Exactly reproduce the lines from the one holding "Cyborium mosiężne, złocone, zdobione" through the end of the records, including both boundary lines but no pictures.

• **THE DATA**:
Start of Block
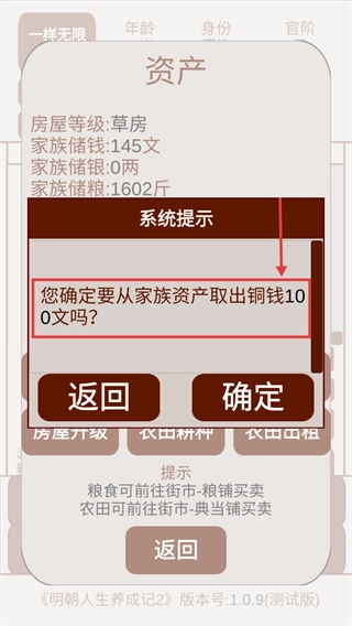 2、系统提示提取铜钱时,需谨慎点击【确定】按钮,避免误操作影响家族资产储备。
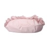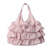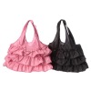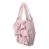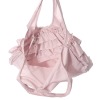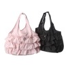■デザイン:丸いフォルムのエコバッグに当ブランドらしいフリルをたっぷりとほどこしました。物を入れるとさらにコロンとした形になります。日々のふだん使いとしてもお使いいただけるきちんと感のあるバッグです。
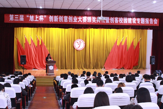 5月16日下午,学院第三届“旭上杯”创新创意创业大赛颁奖典礼暨创客校园建设专题报告会在学院报告厅隆重举行。学院党委书记、院长周庆礼,党委副书记、常务副院长顾益明,纪委书记、副院长陈赵,副院长、继续教育学院院长郭朝辉,副院长刁爱军,副院长赵学洪,工会主席、办公室主任孔德丽及学院全体教职工和部分学生代表出席了本次会议,会议由科研及校企合作处处长李木香主持。
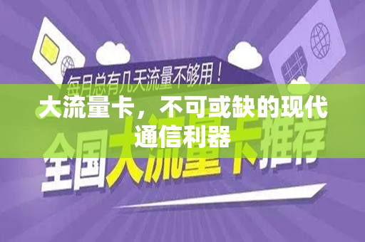 在当今信息爆炸的时代,互联网已经成为我们生活中不可或缺的一部分,而大流量卡作为现代通信的利器,更是受到了广大用户的热烈追捧,本文将围绕“有大流量卡不”这一关键词,从大流量卡的重要性、应用场景、优势以及
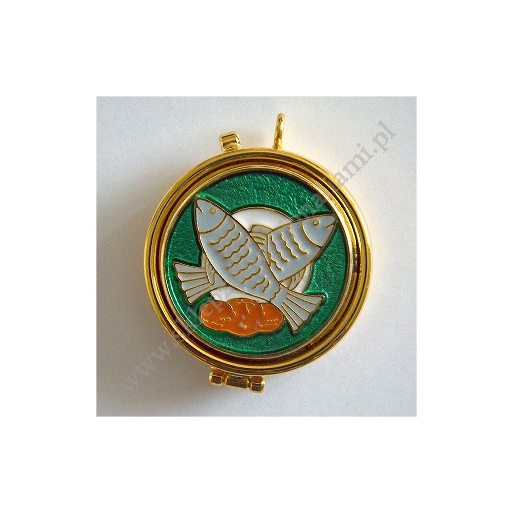 Cyborium mosiężne, złocone, zdobione aplikacją eucharystyczną
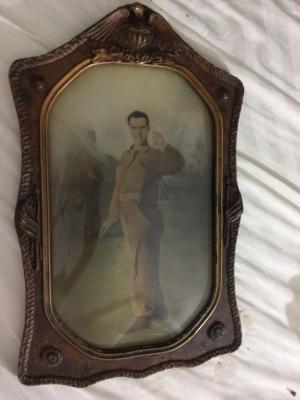 | ANTIQUE PATRIOTIC MILITARY CONVEX BUBBLE GLASS FRAME w/ Vtg Military Photo |
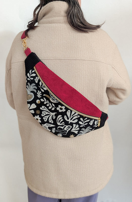 Zero Waste Bauchtasche Cord Bienen Rosé/Schwarz/Gold Einzelstück
End of Block
• **YOUR RESPONSE**:
 Cyborium mosiężne, złocone, zdobione aplikacją eucharystyczną
 | ANTIQUE PATRIOTIC MILITARY CONVEX BUBBLE GLASS FRAME w/ Vtg Military Photo |
 Zero Waste Bauchtasche Cord Bienen Rosé/Schwarz/Gold Einzelstück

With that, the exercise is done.